» **ABOUT THIS EXERCISE**: Pictures are to be left out, and only the lines from the one with "This solid walnut" through the last line of the listing below are to be repeated exactly.

^^^^^^^^

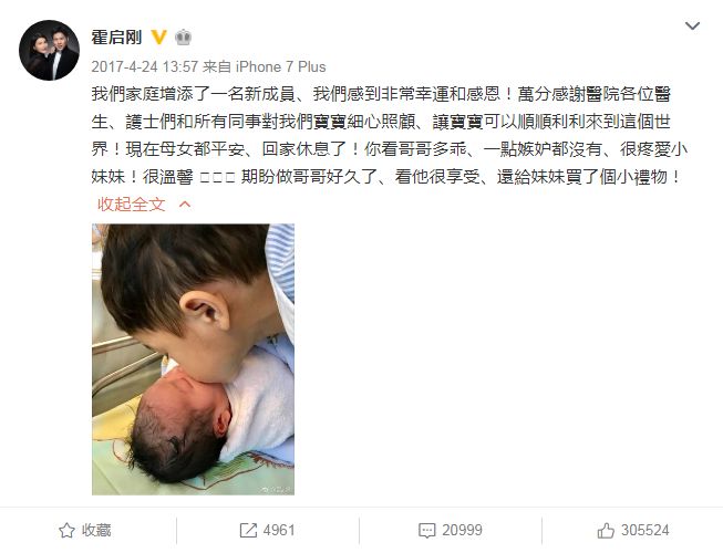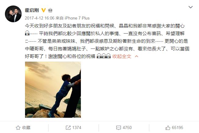 霍启刚发微博说:“你看哥哥多乖,一点嫉妒都没有,很疼爱小妹妹,很温馨,期盼做哥哥好久了。”
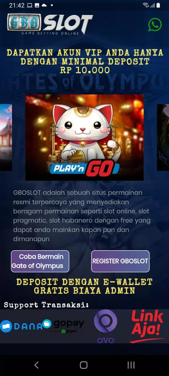 GBOSLOT: Slot Pragmatic Play Free APK is a fantastic choice for slot enthusiasts looking for high-quality gameplay and diverse slot themes straight from one of the top developers in the industry. With its free-to-play model, offline capabilities, and frequent updates, this app delivers a seamless and enjoyable casino experience on the go. Be sure to claim your daily bonuses, explore various slots, and use the playing tips to make the most of every spin. Ready to join the fun? Download the APK today and start spinning with GBOSLOT!
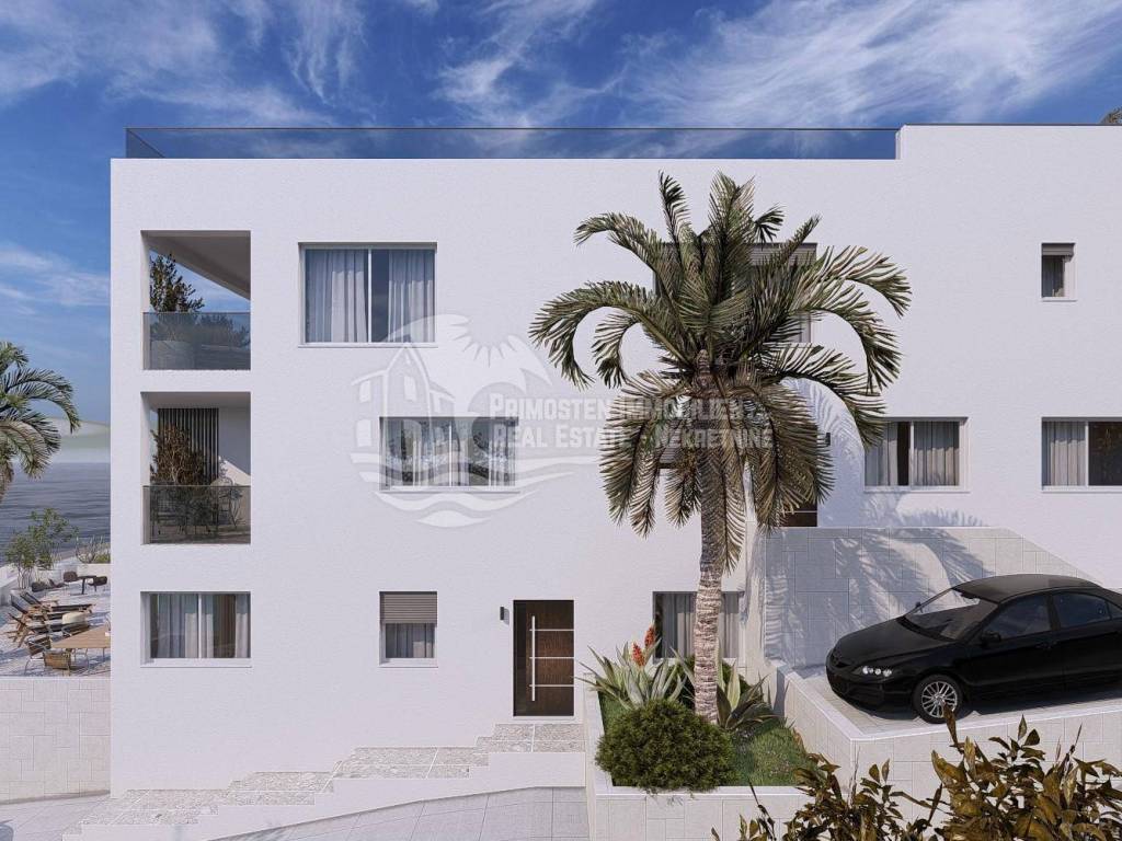 This luxurious, newly built project, located in the first row to the sea, was carefully designed to combine luxury and comfort, making it the perfect choice for those seeking an upscale lifestyle in one of the most desirable coastal locations. Apartment S3 is located in a small residential building with a total of four units and is just 15 meters from the sea. It is ideally south-facing and is located on the first floor. The total living area is 69.11 m² and consists of a kitchen-diner, two bedrooms, a hallway, and a bathroom. The living room opens onto a spacious, covered balcony with unobstructed views of the crystal-clear sea and the islands. The apartment includes an outdoor parking space. High-quality materials were used in the construction and furnishings (high-quality tiles and sanitary ware, air conditioning in every room, underfloor heating, etc.). The prime location in the first row to the sea, the modern design, modern amenities, and proximity to all major amenities, including Split International Airport (10 km away) and the cities of Trogir, Split, and Šibenik, make these apartments unique on the market. Payment is made in stages.
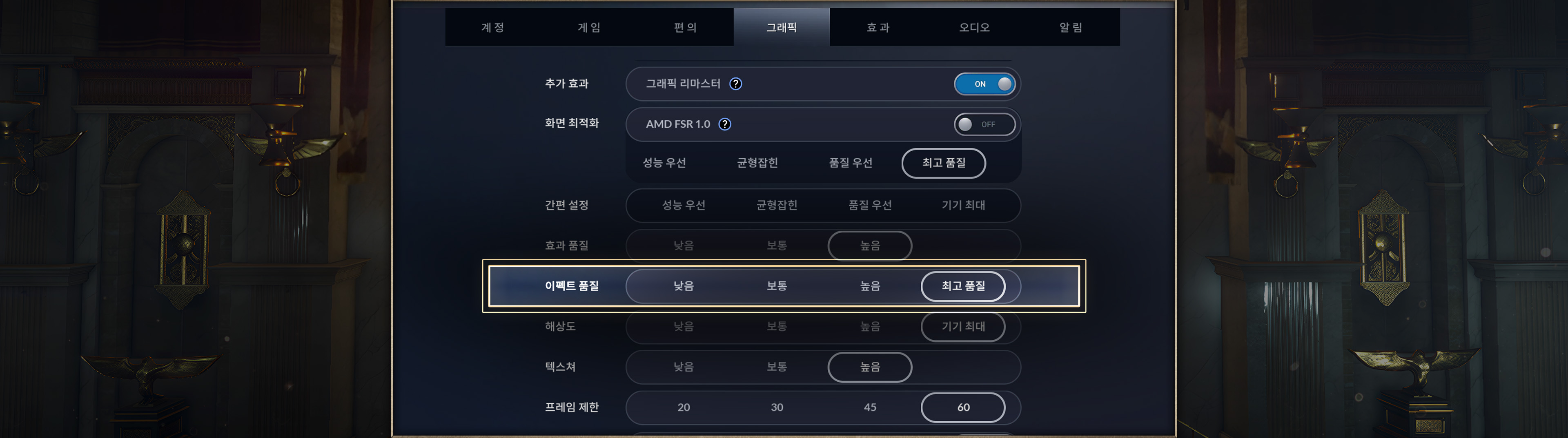 ・효과 품질 설정에 따라 파티클 요소를 최적화하여 성능 향상시키고 더 부드럽게 게임을 플레이하실 수 있습니다.
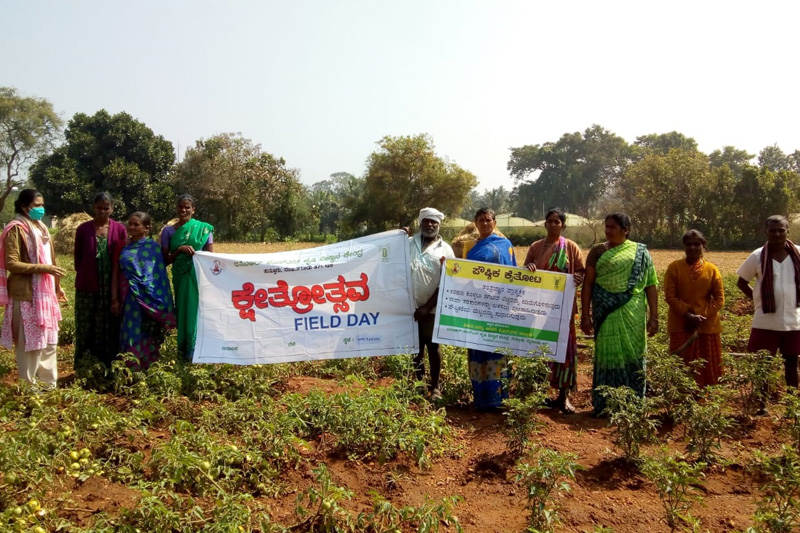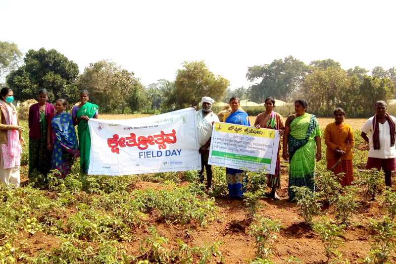 Kitchen garden field dayThe kitchen garden concept has been introduced to improve the health rural family. Under this programme the vegetable seed kit has been issued for 30 farm families to grow vegetables and leafy vegetables in their kitchen garden. To popularize the concept of kitchen garden among the other farm families a field day on kitchen garden has been conducted at Arakere, K.R. Nagar taluk on 26.12.2020. 30 farmwomen were participated in the programme. |
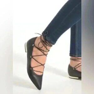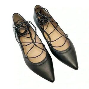 Aldo Alize Black Leather Ballet Flats Pointy Toe Lace Up Ankle Ties Size 7.5
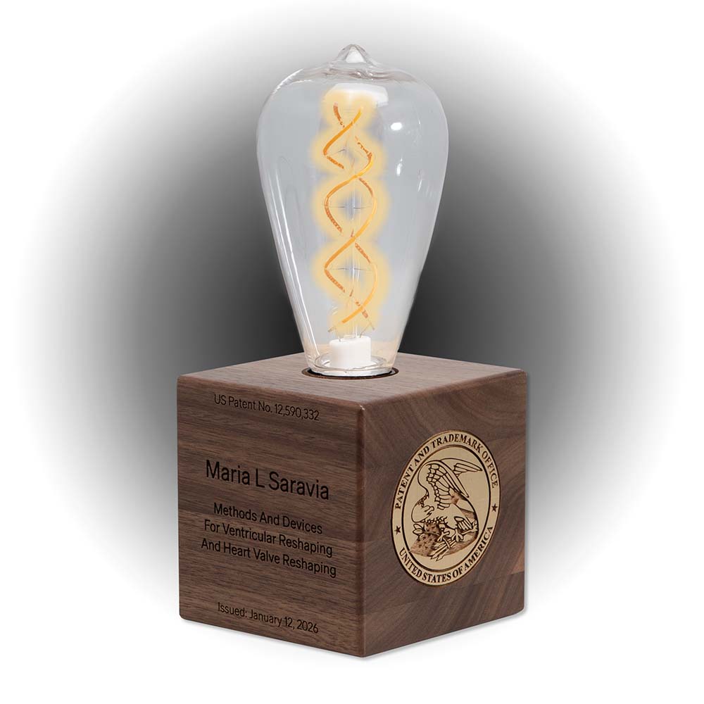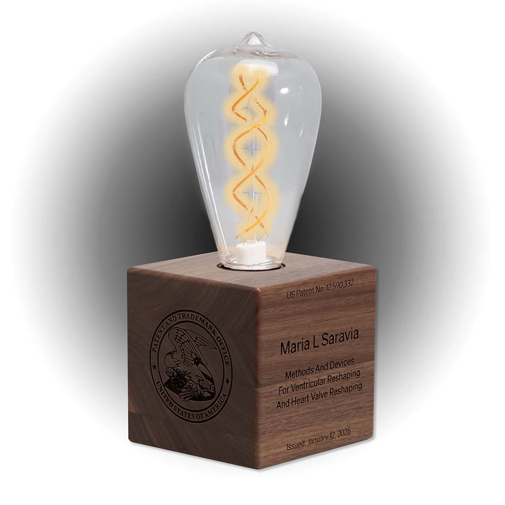 This solid walnut lighted patent cube is a striking and symbolic way to celebrate innovation. Handcrafted from premium maple and topped with a classic Edison-style bulb, this award brings a warm, ambient glow to the moment a patent becomes reality transforming achievement into a functional work of art.
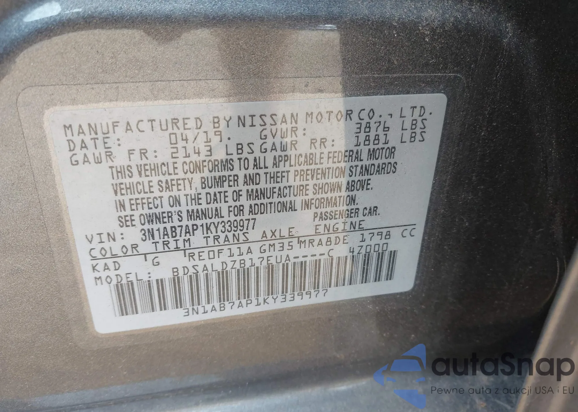 LOT: 43315698 VIN: 3N1AB7AP1KY339977
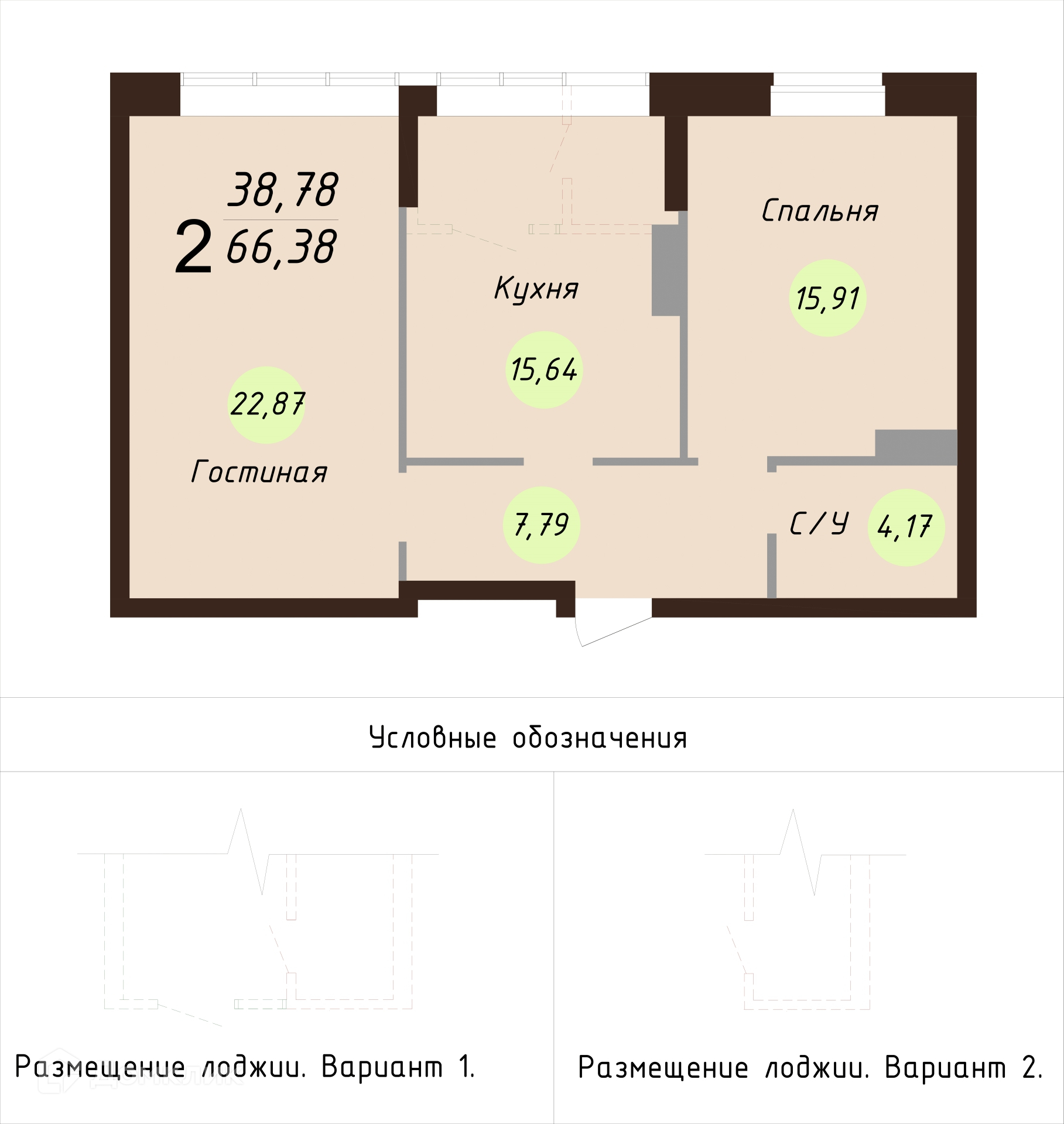 - ✅ Уютная жилая площадь: 38.78 м².

^^^^^^^^

» **WORKED SOLUTION**:
 This solid walnut lighted patent cube is a striking and symbolic way to celebrate innovation. Handcrafted from premium maple and topped with a classic Edison-style bulb, this award brings a warm, ambient glow to the moment a patent becomes reality transforming achievement into a functional work of art.
 LOT: 43315698 VIN: 3N1AB7AP1KY339977
 - ✅ Уютная жилая площадь: 38.78 м².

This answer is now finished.